When we went to England, we were desperate to find a book long enough to keep Alex's attention for more than an hour because we didn't have enough space or weight to carry as many of her usual books as it would take to make the trip.  I thought Harry Potter would be the perfect complement to an English vacation.

She stubbornly refused to read it. In retrospect we should have had her watch the movie first.

The scene in the first movie where they have their first flying lesson?  Alnwick Castle, about 1.5 hours' trip from the hotel.  Turns out a Downton Abbey Christmas Special got filmed there too.
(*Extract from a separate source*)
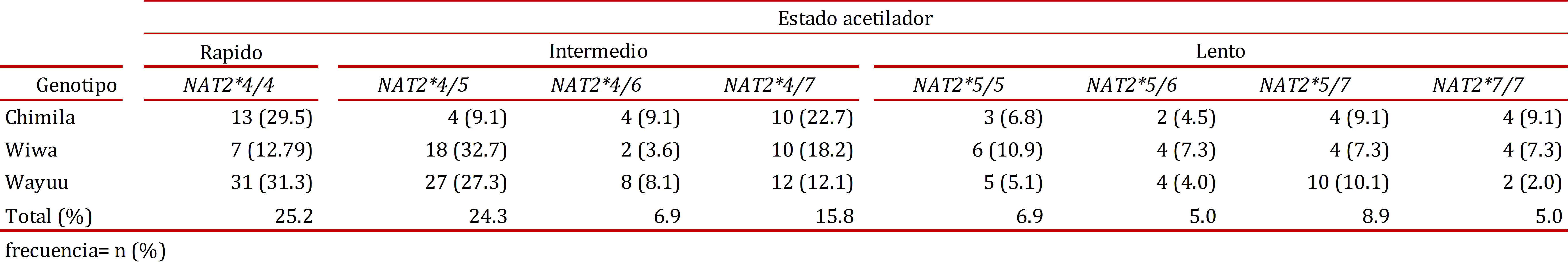 La frecuencia del estado acetilador rápido estuvo más alta en el grupo Wayúu (31.3%) y en el grupo Chimila (29.5%) cuando comparamos con el grupo Wiwa (12.7%). La distribución del estado acetilador intermedio es muy similar entre los tres grupos; para el estado acetilador lento observamos que en el grupo Wiwa la frecuencia es mayor (32.7%) con respecto a Chimila y Wayúu con 20.5% y 21.2% respectivamente (Tabla 4).
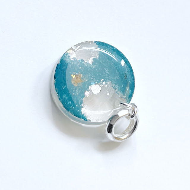 Wisiorek został również pokryty kolejną warstwą z żywicy epoksydowej, co zapewnia nie tylko dodatkową ochronę i trwałość, ale również dodaje mu głębi i połysku. Dzięki temu ozdoba ta jest nie tylko piękna, ale również bardzo wytrzymała.

The place is impressive, with several smaller museums in various towers, the main State Rooms beautifully decorated, a library I could kill for, and for the kids a whole Knight's Quest area with costumes for dressup, activities to pursue (they made soap) and medieval games to learn to play. In addition, for the older and/or braver ones, a Dragon Quest that was like a tamed-down version of a haunted house but with the addition of riddles and games to solve to get the answer to the Quest.  And, finally, the broomstick flying lesson.  Because there must be a broomstick flying lesson. It went way longer than we expected so halfway through Zoltan got bored and tired and went to sit down.

Monday, June 1, 2015

Sheep

My dad knows a guy ... he's got some sheep. Well, he had about 700, then they all bear twins so now it's more like 1200 or something like that. The numbers are fuzzy. The lambs are fuzzy too.  While we were in England (yeah, the trip was practically a month ago) we got to visit a sheep and cattle farm. We had a blast!  The kids especially loved hand feeding a few baby lambs - normally the mama takes care of the babies but sometimes you get a bad mom, or something happens to her, so they hand feed.  Apparently sometimes they can convince a different mama to "adopt" a baby or two.  We also got a see a one day old calf. We also got to ask a lot of questions about their care and the operation of a sheep farm. Career #next?  

Sunday, May 31, 2015

Hadrian's Wall


You just can't spend time in northern England without checking out Hadrian's Wall. And it turns out one of the better sites is one of the closest ones, and of course we wanted to stick close to home for the first day (everyone needed a nap, you know, after the long, started-at-4-am-travel).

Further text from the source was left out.